Si los precios se han disparado es porque el grueso de la oferta de estos bienes procede
de un grupo de productores y países, que en esta coyuntura ven la oportunidad de
obtener ganancias extraordinarias y reforzar su posición.
La tendencia al aumento de la producción y productividad agraria a escala global
ha sido ininterrumpida en los últimos cincuenta años, así que no obstante la retracción
de las reservas de cereales, la FAO sostiene que se podría alimentar hasta 12 billones de
personas en el futuro. “La producción mundial de grano en 2007/2008 está estimada en
2108 millones de toneladas: un crecimiento de 4,7 por ciento comparado a la del
2006/2007. Esto supera bastante la media de crecimiento del 2,0 por ciento en la pasada
década.” Otra prueba de que esos alimentos existen, es el afán de organismos como el
BM por otorgar préstamos a los países subdesarrollados para que sigan importando
alimentos, y contrarrestar el alza de los precios internos.

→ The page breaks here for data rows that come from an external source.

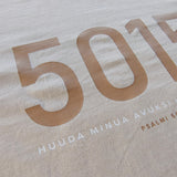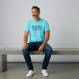T-paita Jumalan puhelinnumeron (Psalmi 50:15) klassikkotekstillä "5015 Huuda minua avuksi hädän päivänä".
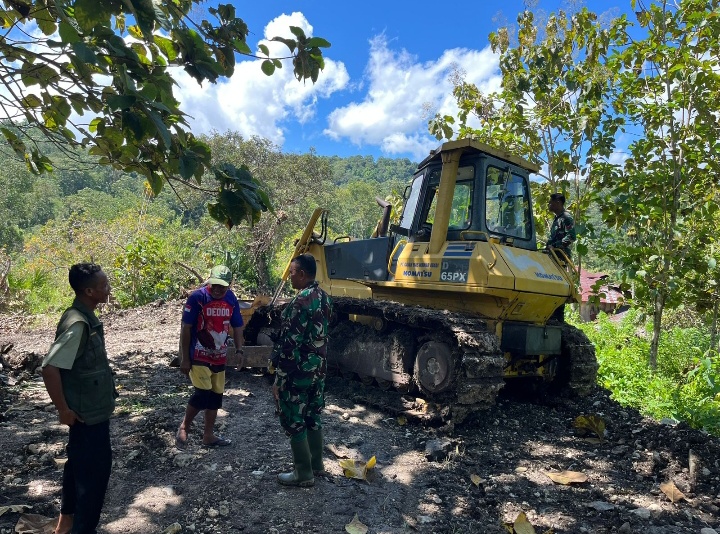 Ende – Semangat kebersamaan tampak jelas dalam pelaksanaan program TNI Manunggal Membangun Desa (TMMD) Ke-128 Tahun Anggaran 2026 di Desa Aelipo, Kecamatan Wewaria, Kabupaten Ende, Jumat (24/4/2026). Antusiasme masyarakat terlihat tinggi dengan turut serta membantu proses pembukaan jalan yang menjadi sasaran utama kegiatan.
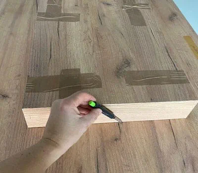 En l'occurrence, nous travaillons sur un plateau de table contreplaqué. Nous devons le fixer à la table de travail en position surélevée afin de ne pas l'entailler (voir image)
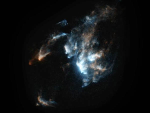 电脑动画截图。根据新制作的延时视频,研究小组制作了这个电脑动画,展现一个HH喷流以及在几百年时间里如何演化。研究小组领导人哈蒂根说:“我们的研究发现描绘出一幅喷流图像,进而了解喷流内物质的相互作用以及喷流与周围气体的相互作用。通过与现有模拟进行比较,我们能够进一步了解这种喷流。”研究结果刊登在7月20日的《天体物理学杂志》上。
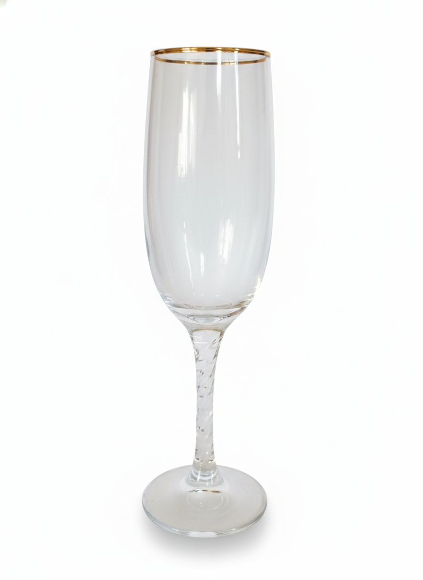 Copa de champagne de cristal fino, diseñada con un cáliz estilizado que realza el aroma y las burbujas. Elegante, ligera y perfecta para celebraciones, brindis y ocasiones especiales.
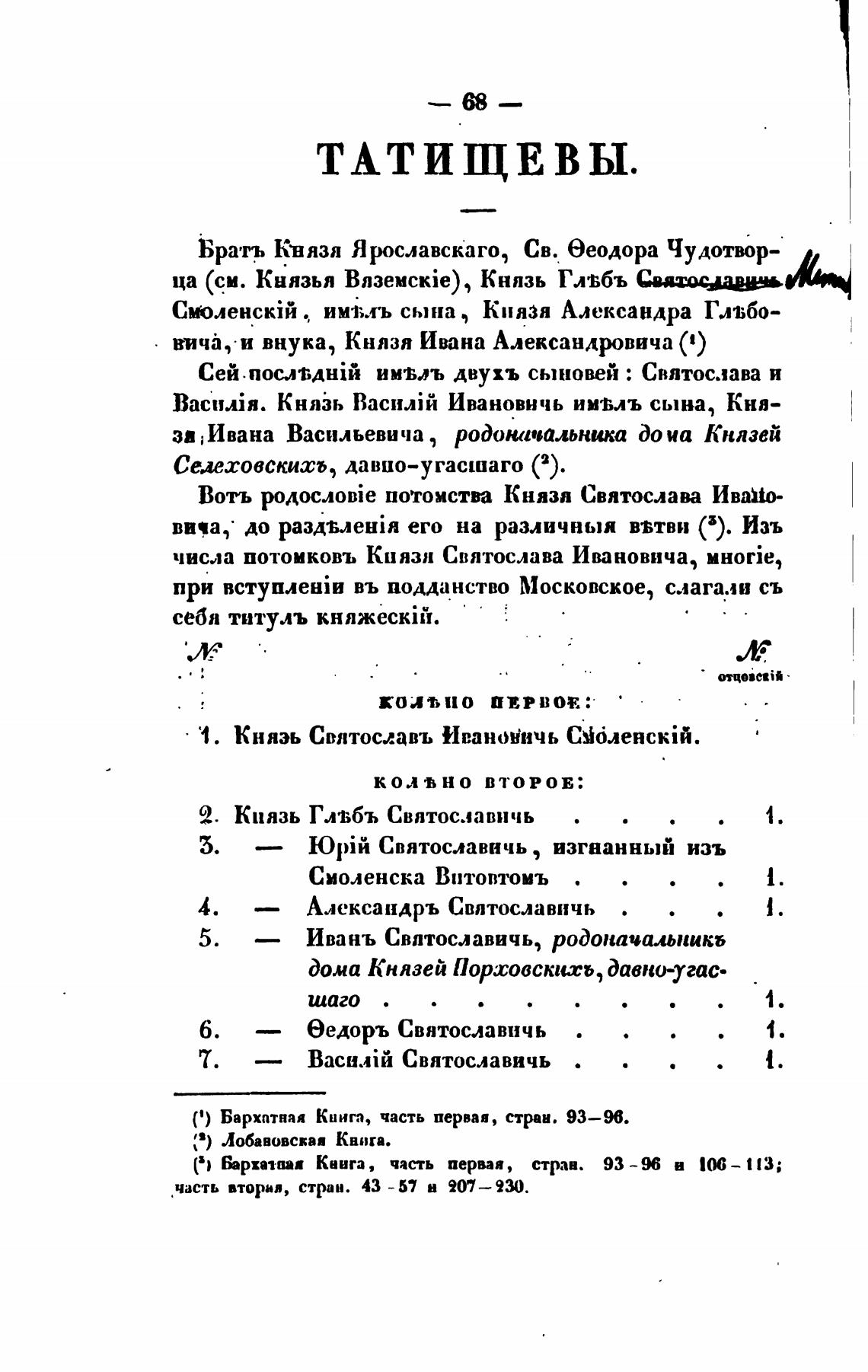 числа потомковъ Князя Святослава Ивановича, MHorie,
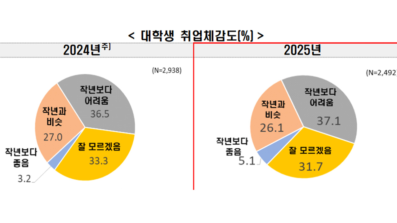 2025년 대졸 신규 채용 시장에 대한 대학생들의 인식은 부정적이었습니다.
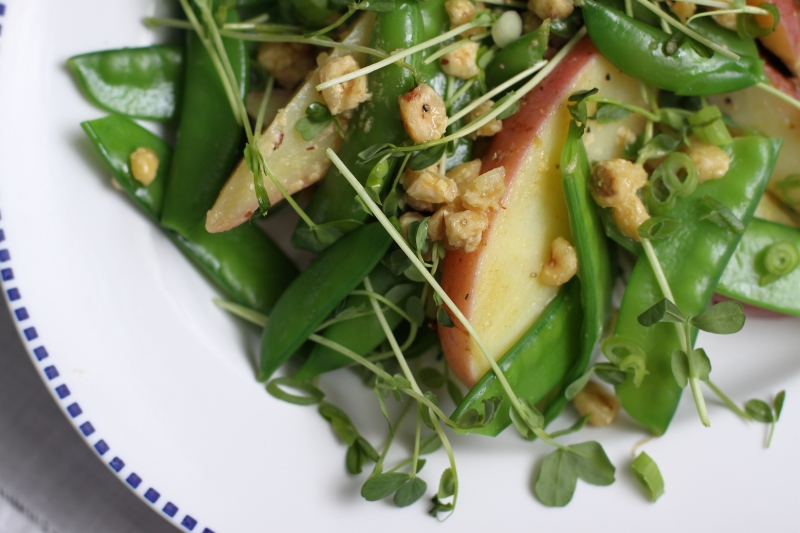 This salad is not much like the mayonnaise flooded, stodgy version of potato salad familiar to many. It has a nutty hazelnut and mustard dressing that has a great bite and contrasts with tender potatoes and crunchy peas. It’s perfect for when sugar snap and snow peas are in season. It can be served warm, or at room temperature. At our place this goes with a pan fried salmon steak or grilled chicken and a glass of pinot gris.

Hay otros argumentos. Por ejemplo, que los bienes agrícolas más
comprometidos en la elaboración de biocombustibles no son los granos básicos, sino las
oleaginosas –particularmente la soja- porque es el biodiesel y no el etanol el que en este
momento recibe mayor impulso.
No podemos detenernos más en el tema, pero vale la pena señalar que la crisis
de los alimentos puede ser en poco tiempo una dura realidad si, como lo hemos hecho
hasta ahora, seguimos cediendo a la gran empresa la responsabilidad de producir
nuestros alimentos. Todavía es posible desandar el camino.